* _Record extracts_:
- Opening Delimiter -

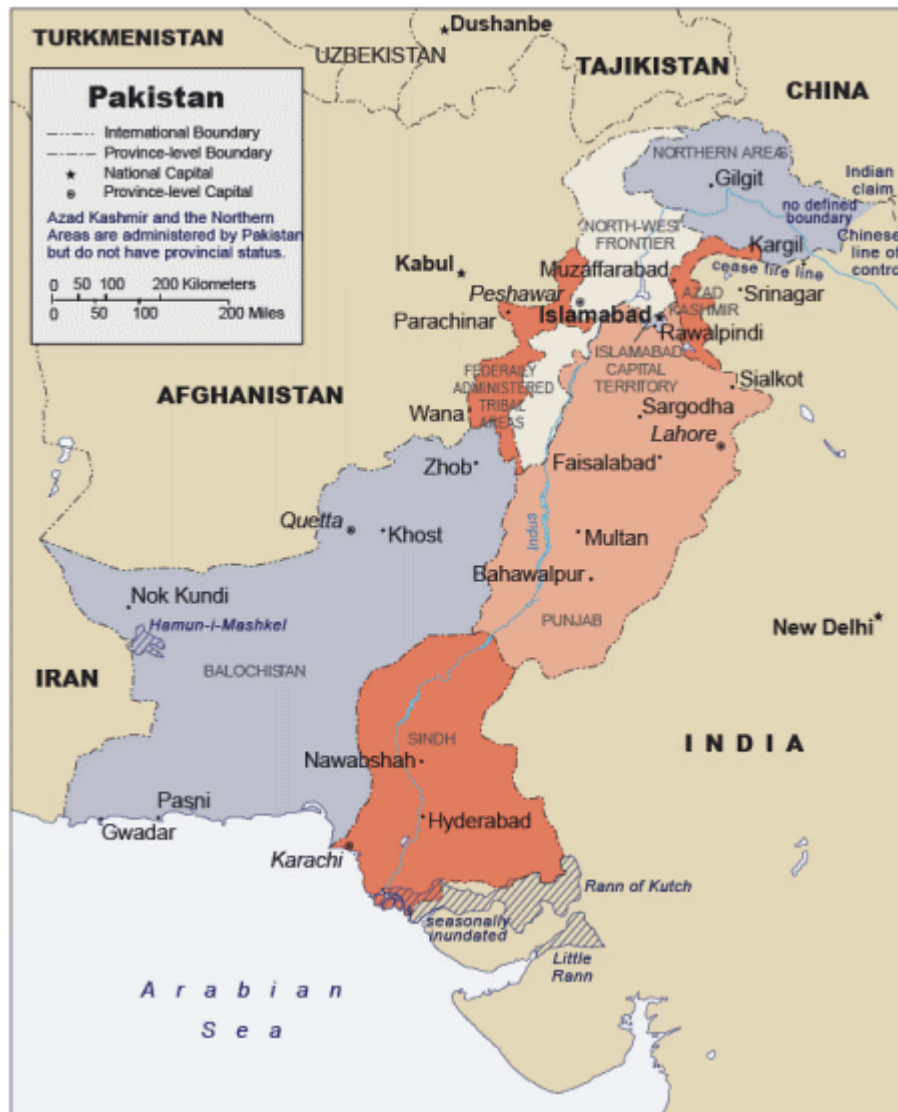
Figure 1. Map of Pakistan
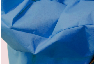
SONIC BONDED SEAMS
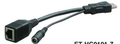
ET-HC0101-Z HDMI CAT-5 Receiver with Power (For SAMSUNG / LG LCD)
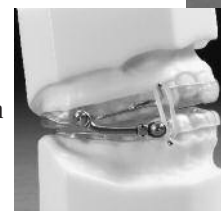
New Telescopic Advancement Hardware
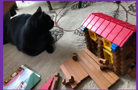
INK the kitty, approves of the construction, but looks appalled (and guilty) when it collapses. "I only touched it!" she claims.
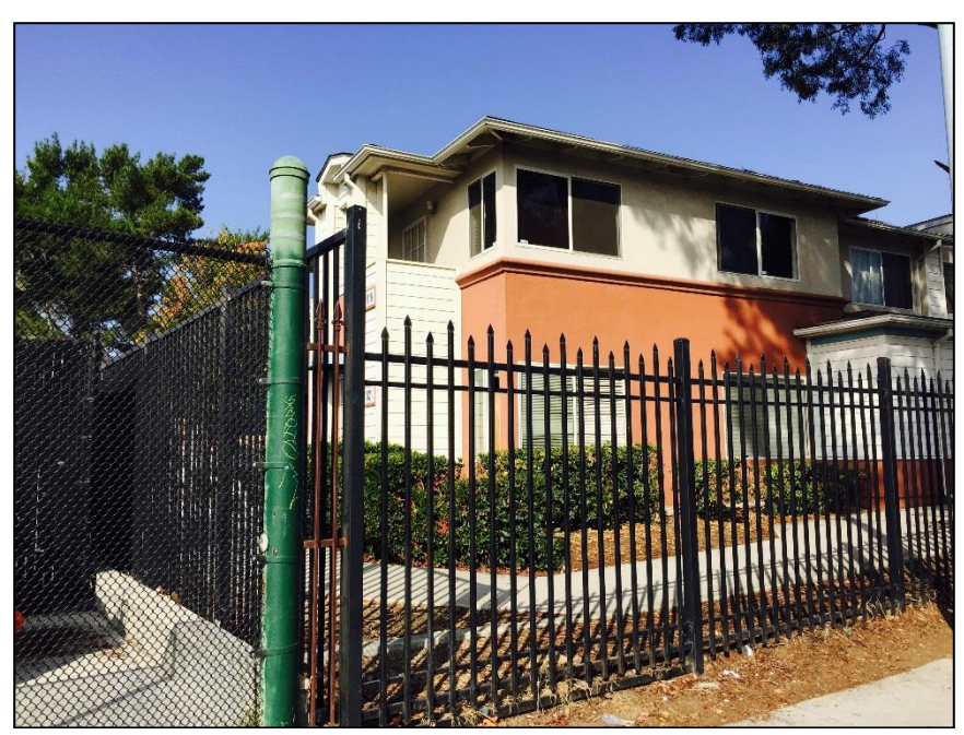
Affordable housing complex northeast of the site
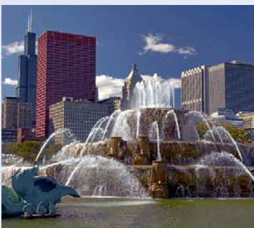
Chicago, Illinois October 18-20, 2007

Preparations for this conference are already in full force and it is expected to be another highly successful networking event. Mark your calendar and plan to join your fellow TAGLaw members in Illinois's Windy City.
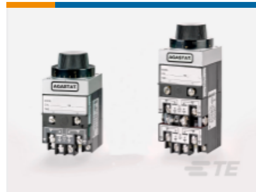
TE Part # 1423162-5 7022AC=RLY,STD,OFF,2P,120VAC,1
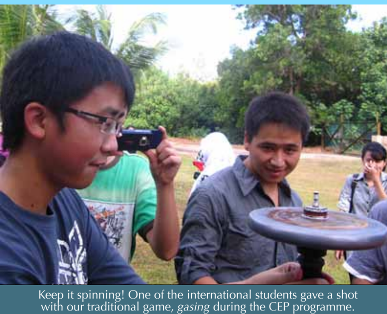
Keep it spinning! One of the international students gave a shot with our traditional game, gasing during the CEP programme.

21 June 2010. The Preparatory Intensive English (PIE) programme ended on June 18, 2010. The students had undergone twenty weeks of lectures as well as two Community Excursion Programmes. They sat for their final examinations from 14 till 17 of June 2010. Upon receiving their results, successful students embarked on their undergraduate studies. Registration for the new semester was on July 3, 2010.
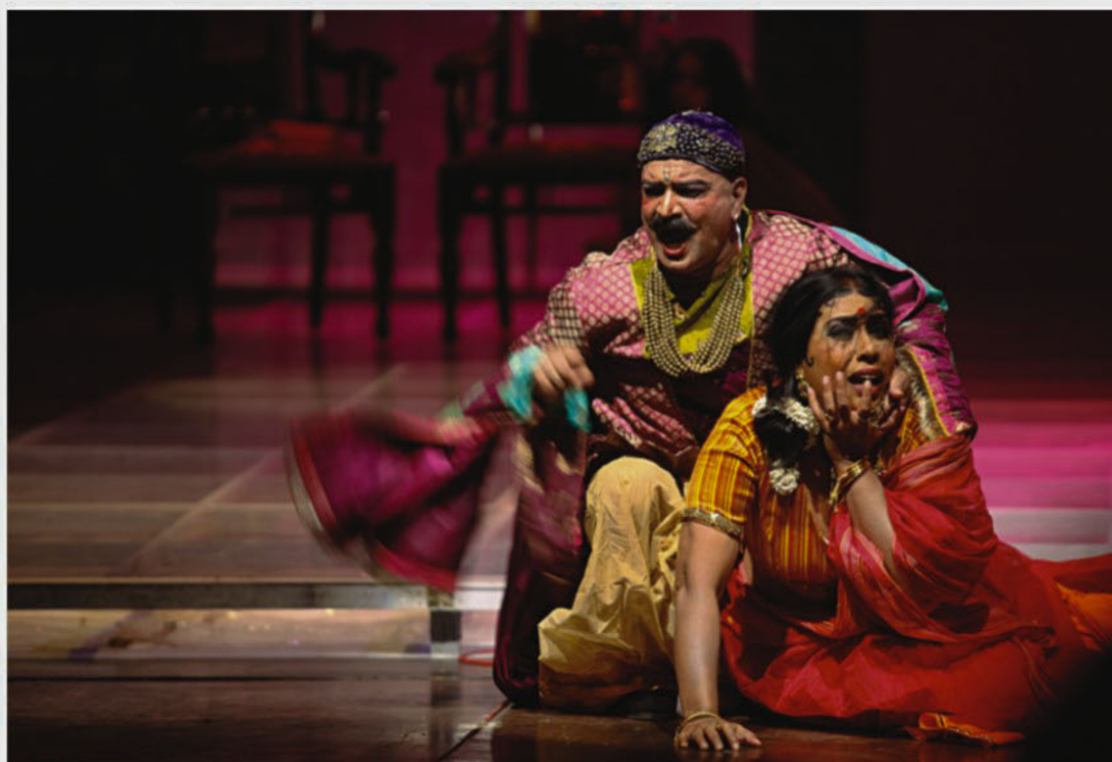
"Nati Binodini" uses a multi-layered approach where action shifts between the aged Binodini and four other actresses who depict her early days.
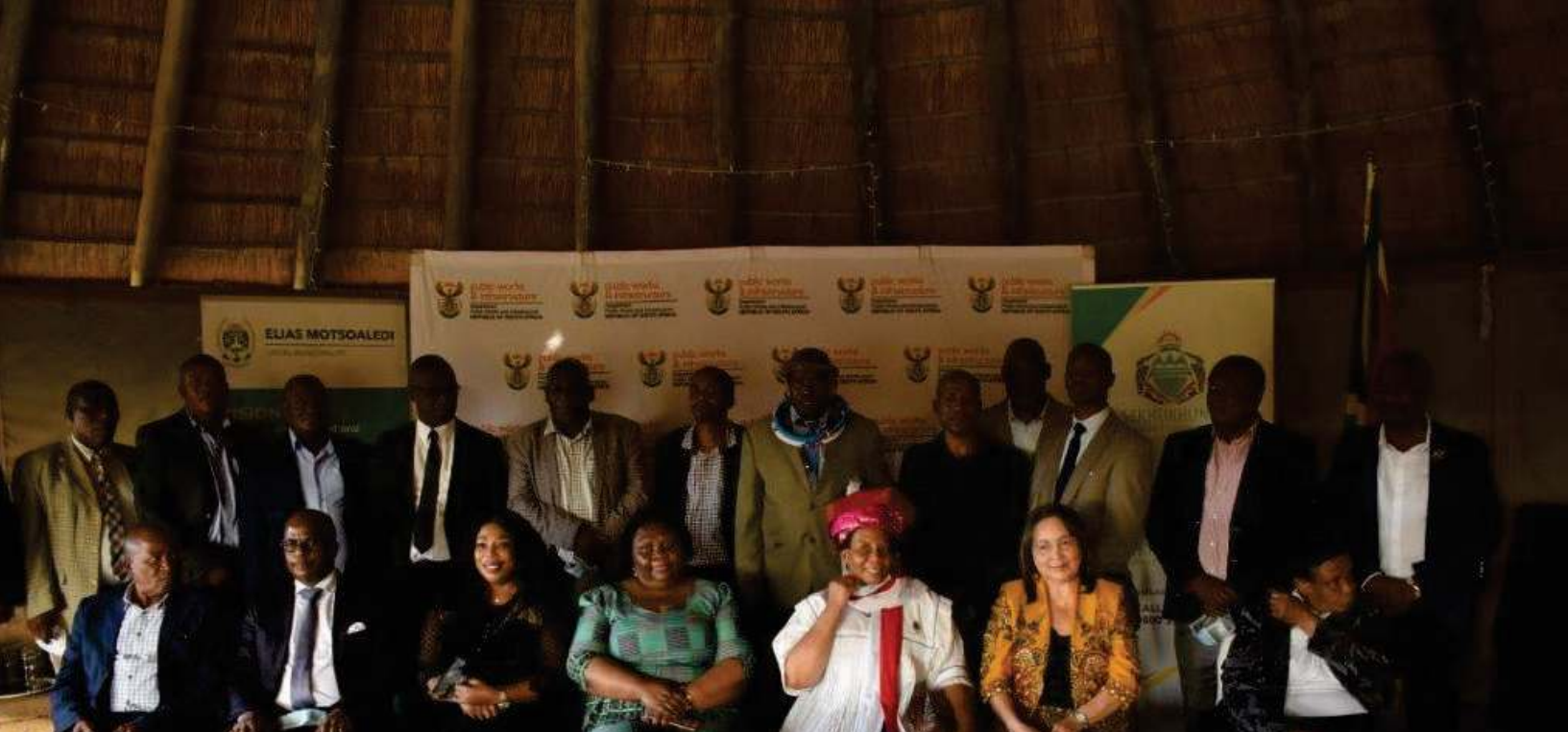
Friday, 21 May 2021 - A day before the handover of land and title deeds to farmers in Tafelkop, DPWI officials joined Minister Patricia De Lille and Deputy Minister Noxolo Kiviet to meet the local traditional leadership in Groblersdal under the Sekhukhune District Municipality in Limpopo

- Closing Delimiter -

* _Task description_:
Which of the lines above carry the string "students"? Copy every one.

* _Written solution_:
Keep it spinning! One of the international students gave a shot with our traditional game, gasing during the CEP programme.
21 June 2010. The Preparatory Intensive English (PIE) programme ended on June 18, 2010. The students had undergone twenty weeks of lectures as well as two Community Excursion Programmes. They sat for their final examinations from 14 till 17 of June 2010. Upon receiving their results, successful students embarked on their undergraduate studies. Registration for the new semester was on July 3, 2010.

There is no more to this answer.